Chemoresistant myeloma: phase II clinical study with low-dose thalidomide plus high-dose dexamethasone

• Published in: Journal of chemotherapy (Florence) Vol. 16 Suppl 5; p. 90
• Main Authors: Bernardeschi, P, Dentico, P, Rossi, S, Fiorentini, G, Giustarini, G, Montenora, I, Turano, E
• Format: Journal Article
• Language: English
• Published: England 01.11.2004
• Subjects: Aged; Aged, 80 and over; Antineoplastic Combined Chemotherapy Protocols - adverse effects; Antineoplastic Combined Chemotherapy Protocols - therapeutic use; Blood Sedimentation - drug effects; Dexamethasone - administration & dosage; Dexamethasone - adverse effects; Drug Resistance, Neoplasm; Female; Humans; Male; Middle Aged; Multiple Myeloma - drug therapy; Thalidomide - administration & dosage; Thalidomide - adverse effects
• ISSN: 1120-009X
• DOI: 10.1080/1120009X.2004.11782395

Thalidomide produces a response rate from 32 to 66% of pre-treated myeloma patients with doses ranging from 100 to 800 mg/daily.

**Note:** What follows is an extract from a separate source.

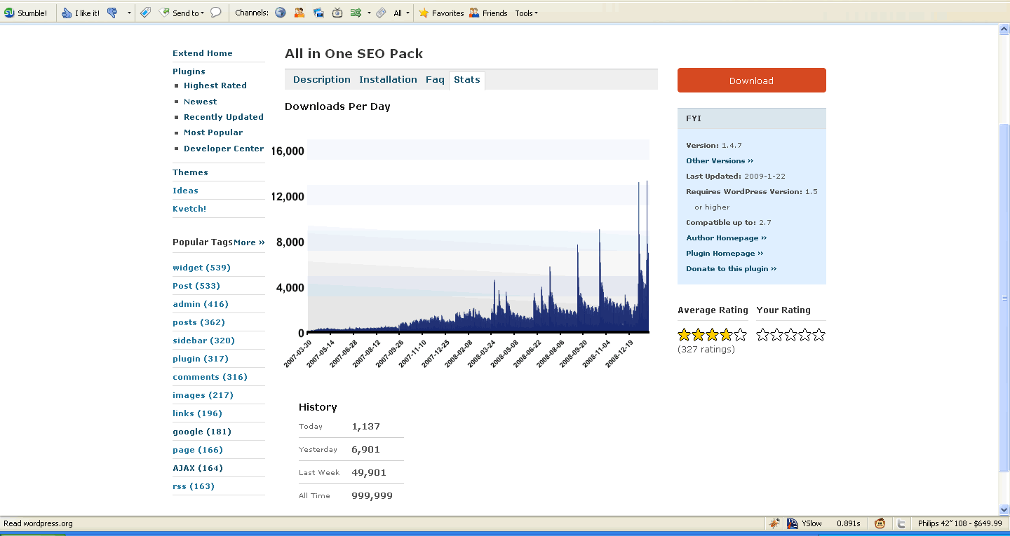 While working on our next release, we noticed that the All-in-One-SEO Pack (http://wordpress.org/extend/plugins/all-in-one-seo-pack/) was fast approaching the 1 Million (1,000,000) download mark on the WordPress plugin directory.

Common, dose-related side effects are sedation, constipation, polyneuropathy. Increased incidence of thromboembolic events were observed in myeloma patients receiving thalidomide as front-line therapy or in association with chemotherapy. Less common adverse reactions are central nervous system (CNS) dysfunction and cutaneous reactions. We describe the update of our experience with low dose thalidomide plus monthly high dose dexamethasone and zolendronate. Most patients were able to tolerate this regimen with few side effects. Erythrocyte sedimentation rate (ESR) lowering was early observed in patients who subsequently responded.